▸ REQUIREMENT: For this exercise, copy the data exactly and omit any images.

▸ DATASET EXTRACT:

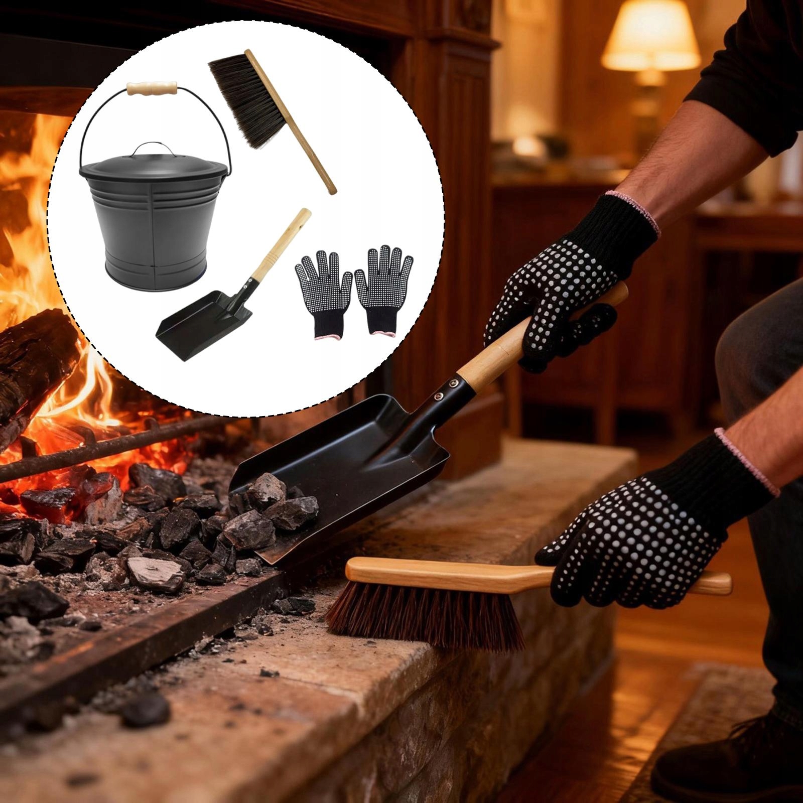 [Повний набір]Цей набір інструментів для каміна включає відро, щітку, лопату та рукавички для повного обслуговування
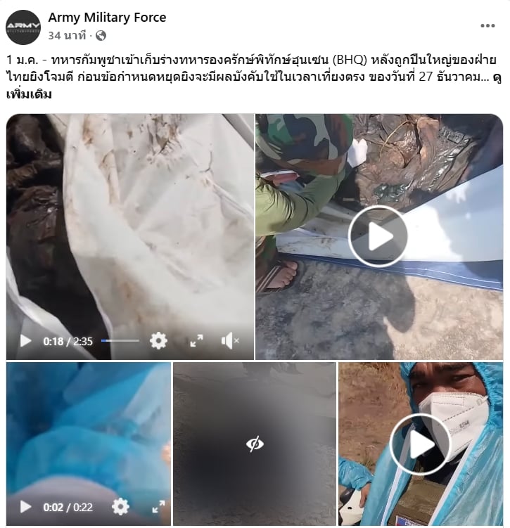1 มกราคม 2569 - เพจเฟซบุ๊ก Army Military Force เผยแพร่คลิปวิดีโอพร้อมข้อความว่า ทหารกัมพูชาเข้าเก็บร่างทหารองครักษ์พิทักษ์ฮุนเซน (BHQ) หลังถูกปืนใหญ่ของฝ่ายไทยยิงโจมตี ก่อนข้อกำหนดหยุดยิงจะมีผลบังคับใช้ในเวลาเที่ยงตรง ของวันที่ 27 ธันวาคม
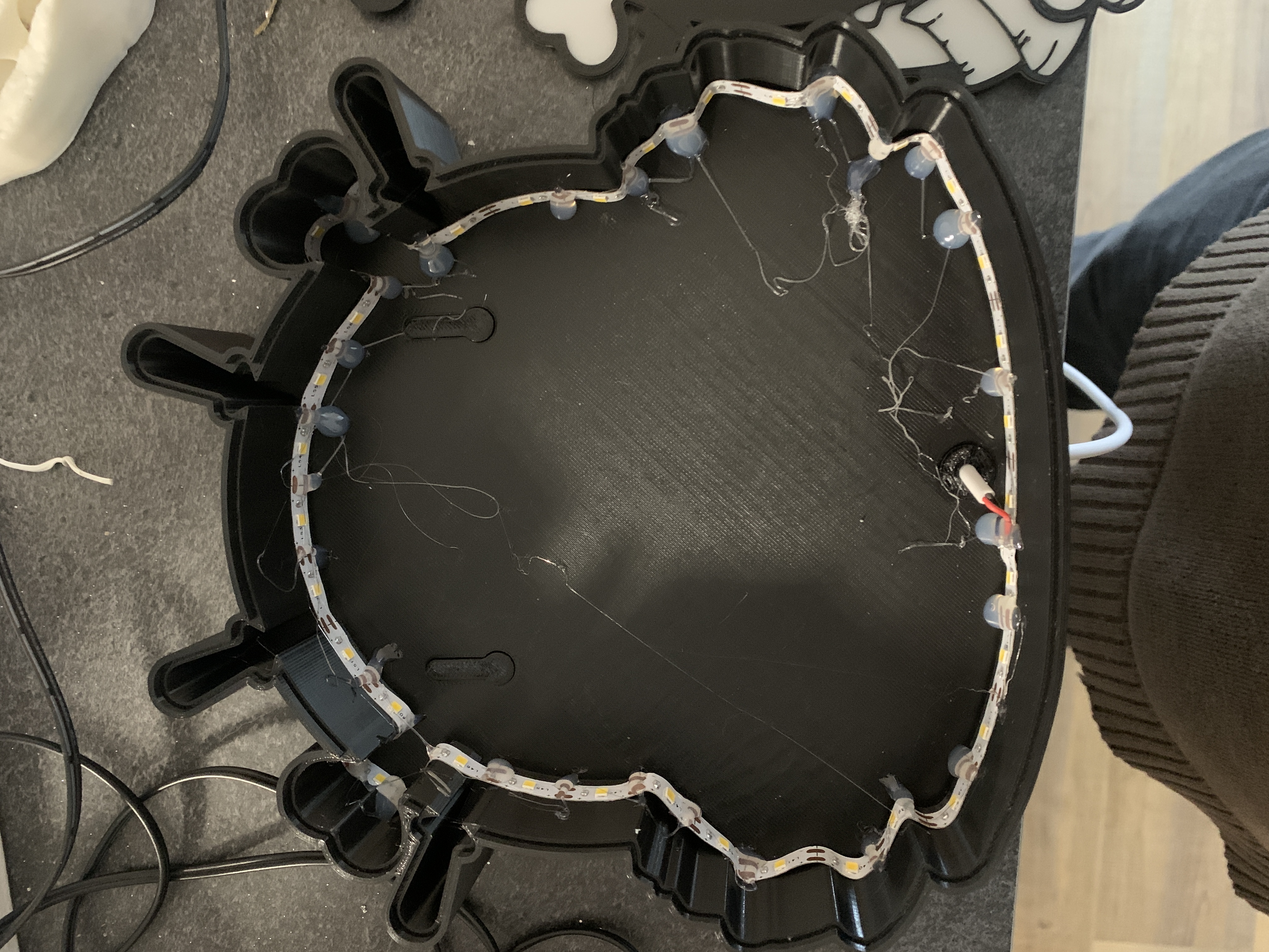 Để chiếu sáng, tôi dùng một dải đèn LED mà tôi gia cố độ bám bằng súng bắn keo.

▸ SOLUTION TO THIS PROBLEM:
 [Повний набір]Цей набір інструментів для каміна включає відро, щітку, лопату та рукавички для повного обслуговування
1 มกราคม 2569 - เพจเฟซบุ๊ก Army Military Force เผยแพร่คลิปวิดีโอพร้อมข้อความว่า ทหารกัมพูชาเข้าเก็บร่างทหารองครักษ์พิทักษ์ฮุนเซน (BHQ) หลังถูกปืนใหญ่ของฝ่ายไทยยิงโจมตี ก่อนข้อกำหนดหยุดยิงจะมีผลบังคับใช้ในเวลาเที่ยงตรง ของวันที่ 27 ธันวาคม
 Để chiếu sáng, tôi dùng một dải đèn LED mà tôi gia cố độ bám bằng súng bắn keo.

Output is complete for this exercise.